Handwriting Recognition Using Deep Learning

University of Toronto Machine Intelligence Team — Sun, 12 Jun 2022 17:52:55 GMT

A UTMIST Project by Justin Tran, Fernando Assad, Kiara Chong, Armaan Lalani, and Eeshan Narula.

Introduction

Recognizing handwritten text is a long-studied problem in machine learning, with one of the most well-known datasets being the MNIST [1] for handwritten digits.
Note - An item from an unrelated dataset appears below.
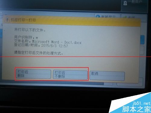 6、根据需要选择 打印后删除 或者 打印后不删除 ,即可将文档打印出来了:

While recognizing individual digits is a solved problem, scientists have been looking for ways of recognizing the full corpus of text at once, as it makes digitizing documents easier. We present a solution to this problem of Handwritten Text Recognition (HTR), together with an overview of current advances in the field.

Motivation and Goal

Recognizing written text is key to many applications that depend on digitizing documents, including healthcare, insurance, and banking. The biggest challenge arises due to the high variation of styles in the way people write, especially in cursive form. While many software applications already implement HTR (e.g. photos on iPhones) these are far from perfect, and research in the field is still very active.

The project aims to develop an algorithm that can read a corpus of text by segmenting it into lines and applying a transformer-based implementation of HTR [2]. This method was developed and published last year and was shown to outperform the then state-of-the-art models, notably CRNN implementations like that of Shdiel et al. [1].

Related Work

HTR is a sub-problem of Optical Character Recognition (OCR) — converting typed or handwritten text from images into machine-encoded text. OCR systems are divided into two modules: a detection module and a recognition module. The detection module aims to localize blocks of text within the image via an object detection model, while the recognition module aims to understand and transcribe the detected text.

Typically, text recognition is achieved through combined CNN and RNN architecture, where CNNs are used for image understanding and RNNs for text generation. However, in more recent studies, the use of Transformer architecture has shown significant improvements in text recognition models. This has led to the development of hybrid architectures, where CNNs still serve as the backbone of the model.

To further improve text recognition, recent studies have investigated the ability for Transformers to replace these CNN backbones. This has resulted in the development of higher accuracy models such as TrOCR, an end-to-end Transformer-based architecture that features both pre-trained image and text Transformers.

Dataset

We used the IAM dataset [3] to train and test our model. It includes 13,353 images of lines of handwritten text, which are used as our inputs to our HTR algorithm (still, word and document levels are also provided). Given a document, the bounding boxes for them are also provided and were used to train the segmentation step of our model. The data are freely available.

Network structure (Segmentation)

The algorithm used to perform word segmentation is based on the paper ‘Scale Space Techniques for Word Segmentation in Handwritten Documents’ [5]. We initially attempted a ResNet architecture to accomplish this task, but issues with training forced us to pivot to an alternative method. The algorithm proposed in the paper considers the scale-space behavior of blobs in images containing lines. The underlying concept of this algorithm is the utilization of Gaussian filters to generate an image’s scale space, which involves developing a family of signals where details are progressively removed.

In order to accurately segment the lines within a document, projection profile techniques were utilized. The vertical projection profile is defined by summing the pixel intensity values along a particular row. The lines are identified by determining local peaks in the projection profiles after applying Gaussian smoothing to deal with false positives.

After line segmentation, second-order differential Gaussian filters are applied along both orientations of the image in order to form a blob (a connected region) representation of the image. By convolving the image with the second order differential Gaussian, a scale-space representation is created. The blobs in this representation appear brighter or darker than the background after this convolution. By altering the parameters of the filters, the blobs will transition from characters to words.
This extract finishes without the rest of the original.